Android录制音频，一般会使用AudioRecord。今天我们来分析一下AudioRecord的源代码，看看它是怎么完成音频录制的。本文的代码基于Android 9.0。

AudioRecord的简单使用

使用AudioRecord录制音频，主要包含以下几个步骤：

1. 首先要创建AudioRecord的对象，通过构造函数public AudioRecord(int audioSource, int sampleRateInHz, int channelConfig, int audioFormat, int bufferSizeInBytes)。AudioRecord还有其它构造函数，我们这里以这个构造函数为例。这里，audioSource指定音频源，音频源在MediaRecorder.AudioSorce中定义，可定时MIC，VOICE_COMMUNICATION等。具体可以查阅AudioSource的源码。

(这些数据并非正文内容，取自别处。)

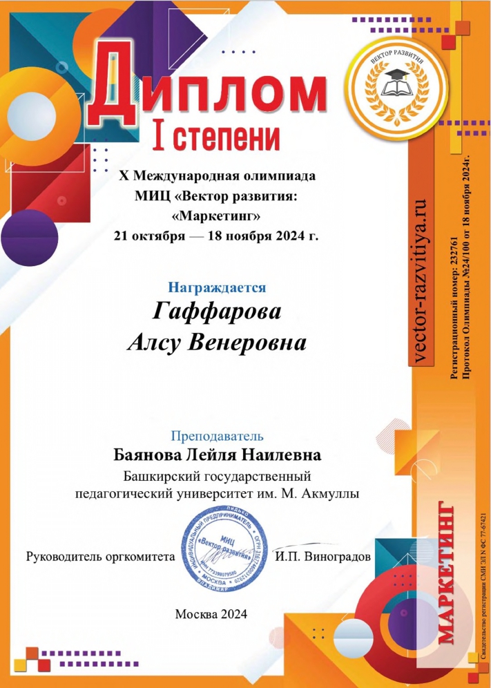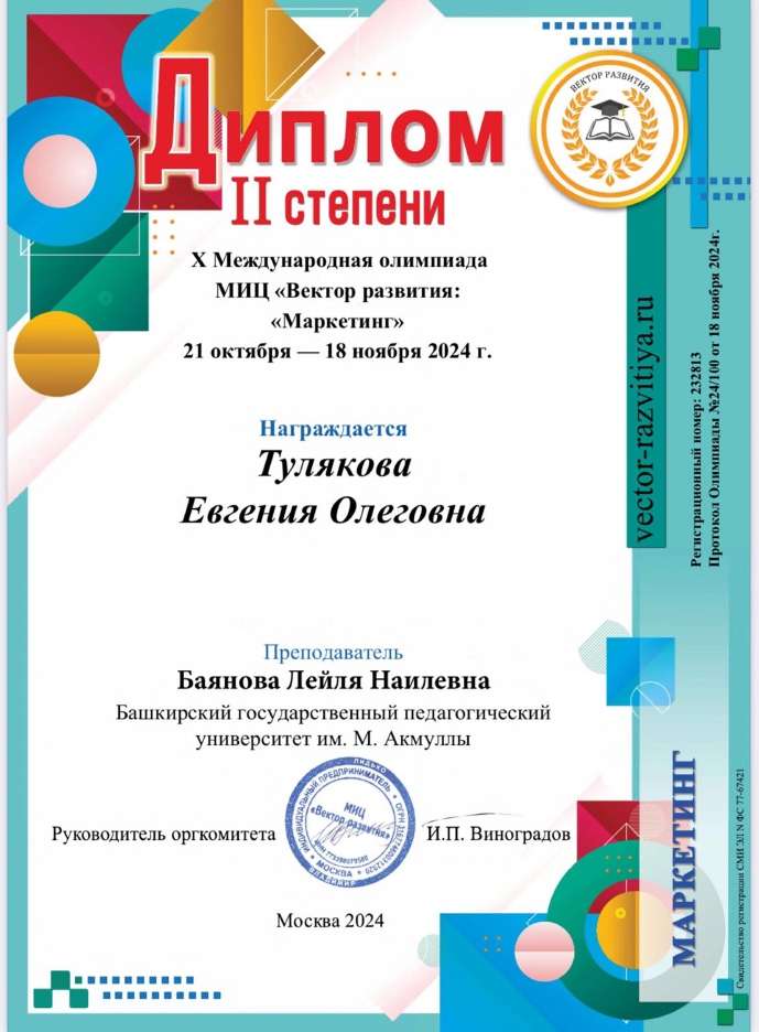 С 21 октября по 18 ноября 2024года прошла X Международная олимпиада МИЦ Вектор развития: «Маркетинг».

sampleRateInHz指定采样频率，一般采用44100Hz保证在所有设备上都可以正常工作。channelConfig指定声道，这在AudioFormat中定义，可以是CHANNEL_IN_MONO（单声道），CHANNEL_IN_STEREO（立体声）等。audioFormat质地感音频格式，即采样深度，可以是ENCODING_PCM_8BIT， ENCODING_PCM_16BIT等，定义在AudioFormat中。最后一个参数是bufferSizeInBytes，即录制过程中缓冲区的大小。缓冲区的大小一般通过getMinBufferSize获取。getMinBufferSize决定录制过程中所需要的最小缓冲区，如果我们传给bufferSizeInBytes的缓冲区大小比getMinBufferSize返回的值更小，AudioRecord的初始化可能会失败。关于AudioRecord构造函数内部逻辑比较简单，这里不展开讨论。我们重点关注一下getMinBufferSize的实现，它是如何确定这个最小缓冲区大小的呢？

getMinBufferSize（）代码分析

getMinBufferSize函数的源代码如下：

static public int getMinBufferSize(int sampleRateInHz, int channelConfig, int audioFormat) {
        int channelCount = 0;
        switch (channelConfig) {
        case AudioFormat.CHANNEL_IN_DEFAULT: // AudioFormat.CHANNEL_CONFIGURATION_DEFAULT
        case AudioFormat.CHANNEL_IN_MONO:
        case AudioFormat.CHANNEL_CONFIGURATION_MONO:
            channelCount = 1;
            break;
        case AudioFormat.CHANNEL_IN_STEREO:
        case AudioFormat.CHANNEL_CONFIGURATION_STEREO:
        case (AudioFormat.CHANNEL_IN_FRONT | AudioFormat.CHANNEL_IN_BACK):
            channelCount = 2;
            break;
        case AudioFormat.CHANNEL_INVALID:
        default:
            loge("getMinBufferSize(): Invalid channel configuration.");
            return ERROR_BAD_VALUE;
        }

        int size = native_get_min_buff_size(sampleRateInHz, channelCount, audioFormat);
        if (size == 0) {
            return ERROR_BAD_VALUE;
        }
        else if (size == -1) {
            return ERROR;
        }
        else {
            return size;
        }
    }

首先需要根据channelConfig，确定通道数。这其实很好理解，双通道因为有两个通道，需要的数据缓冲区自然要是单通道的两倍。如果channelConfig无效，将会返回错误ERROR_BAD_VALUE。在成功获取了通道数之后，通过，native_get_min_buff_size方法来获取缓冲区的大小。核心逻辑在native_get_min_buff_size中。接下来，我们分析native_get_min_buff_size的代码。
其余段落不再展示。